# Peerless MST 205 527D replacement options



## Toolate (Dec 22, 2020)

Hi all first post (or 2nd I guess after intro).

Wondering if anyone can help me figure out some options. I have a Murray wide body GT with this trans in it and I think it may be done but have to put in some time to figure out what is causing the belt to jump the pulley so often. 

Question is- are there other rear ends that might swap in without re-inventing the world? I am capable just looking for the easiest route.

I also understand that this gear is very strong at least as far as GT rear ends go so intend to keep it if it works out.

Lil help! Thanks


----------



## Bob Driver (Nov 1, 2017)

The MST 205 is a pretty tough transmission. They are also fairly easy to rebuild, the problem is new parts are hard to find.

You can find them used on E-bay all the time for around $125


----------



## Toolate (Dec 22, 2020)

Bob Driver said:


> The MST 205 is a pretty tough transmission. They are also fairly easy to rebuild, the problem is new parts are hard to find.
> 
> You can find them used on E-bay all the time for around $125


I have looked and there are a few. I think this gear is the “shift on the fly” version of a simpler clutch shifted unit. Do you know the difference in case I find one locally? Just looking for more than one needle in the haystack to search for.

I see a lot of these Murray’s converted to “mud mowers” which to me says there is an understanding that they are tougher than other GT’s and/or easier to modify so just need to tap into that group’s knowledge because I think this will go that way. Prob bigger tires etc.


----------



## Bob Driver (Nov 1, 2017)

The “shift on the fly” Murrays I've seen, involved the shift lever linkage disengaging the drive belt. If you moved the shift lever inward, the clutch pedal also moved like in this video





I'm more familiar with USLMRA racing mowers, than "mud mowers". On those the hot ticket is a Peerless 700. The 700 allows you to run a vertical shaft engine and come out of the transmission with a horizontal shaft and sprocket.
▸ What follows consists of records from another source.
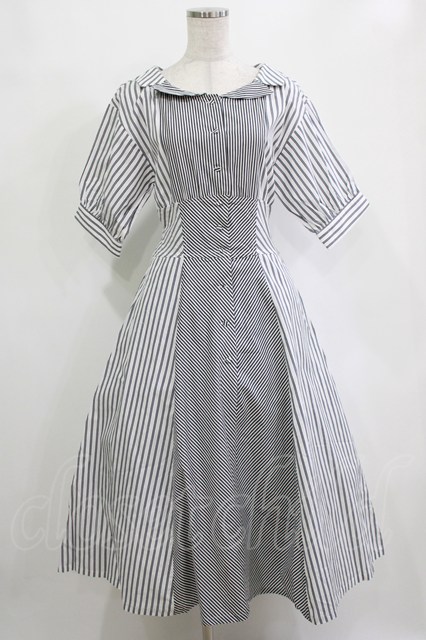 an another angelus / ランダムストライプ開衿シャツワンピース Free OFF×BK H-26-02-03-010-CA-OP-NS-ZH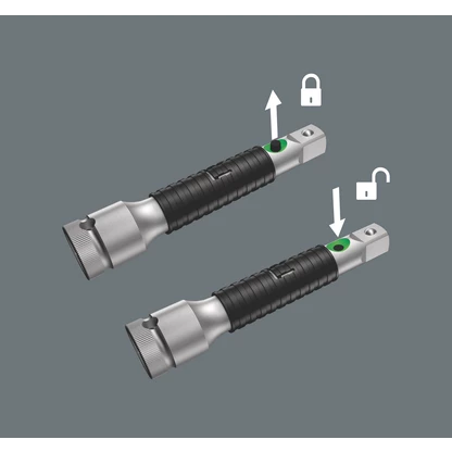 Les rallonges des séries haut de gamme sont par ailleurs équipées du système « flexible-lock ». Son activation permet de fixer aussi longtemps que nécessaire les douilles sur la rallonge. L'outil ne peut plus être égaré ou tomber. Lorsque le système est désactivé, les douilles peuvent être emboîtées et échangées très rapidement.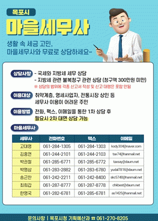 기타 마을세무사에 대한 자세한 내용은 시 홈페이지를 참고하거나, 목포시청 기획예산과로 문의하면 된다.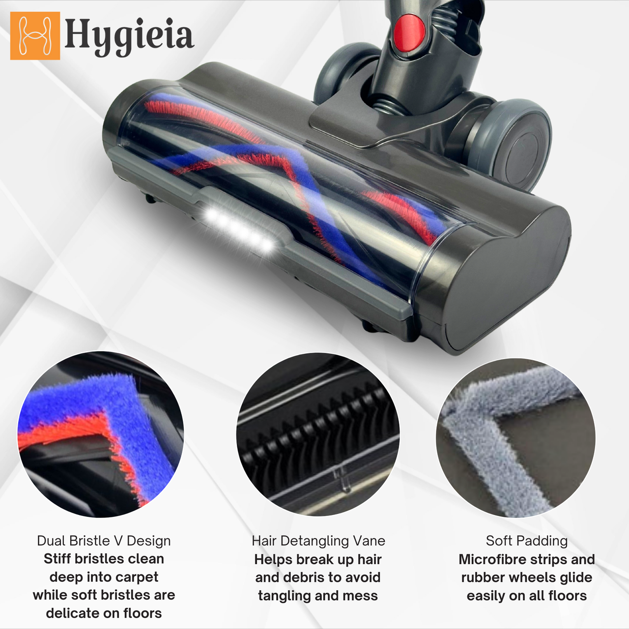 With the Hygieia powerhead for the LG A9 cordless vacuum, you can pick up human hair and pet hair, deep clean your carpet, or vacuum hard surfaces quickly and effortlessly.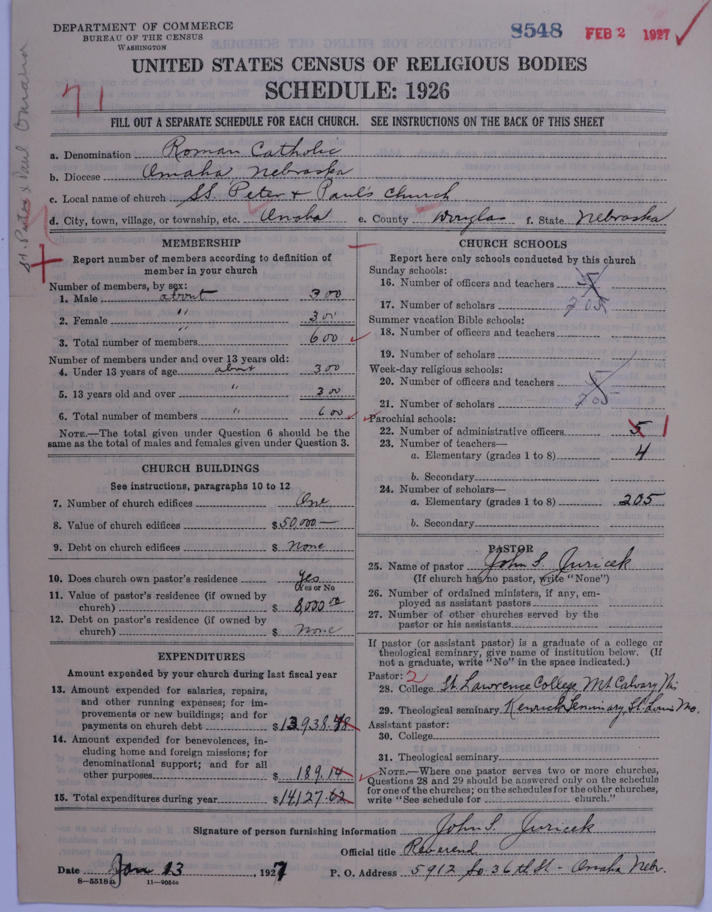 - Roman Catholic Church: 8548

The rear axles are go-kart. This allows for disc brakes and easy sprocket ratio changes to match the track. 45-50MPH is pretty common on a dirt track in the modified classes, depending on the straightaway length....









The front axles/steering are go-kart as well.


----------



## Toolate (Dec 22, 2020)

@Bob Driver you have cleared up a LOT of questions. I had the linkages sorted but was still confused because I read somewhere that the model # of my trans somehow meant it was different but I am guessing now it just meant it went on a GT with the different shift lever.

If I go out shopping for a new (used) one, will any manually shifted rear end work or should I look specifically for a peerless? Don’t care if the shift on the fly function works but think it would with any gear since its all in the linkages not internals.

Also thank you for the info on the 700. Always wondered how that was done and changing chain sprockets is certainly easier than transmission internal gears. Still a lot of mechanical moving stuff!


----------



## Bob Driver (Nov 1, 2017)

I'd stick with the 200/205 series Peerless if you can find one. They will take the most abuse because they are all gear driven internally like a transmission. The higher model # Peerless transaxles are chain driven like some transfer cases. Peerless 700, 800, 900 Series transaxles are chain driven internally and that's usually the failure point. They also tend to "ventilate" the aluminum case when the chain fails, just like a chain driven transfer case.....


----------



## Toolate (Dec 22, 2020)

Bob Driver said:


> I'd stick with the 200/205 series Peerless if you can find one. They will take the most abuse because they are all gear driven internally like a transmission. The higher model # Peerless transaxles are chain driven like some transfer cases. Peerless 700, 800, 900 Series transaxles are chain driven internally and that's usually the failure point. They also tend to "ventilate" the aluminum case when the chain fails, just like a chain driven transfer case.....


ok I have ventilated a few things and its never good haha. Chevy 10 bolt diff, ZF marine gear, th400 transmission to mention a few...


----------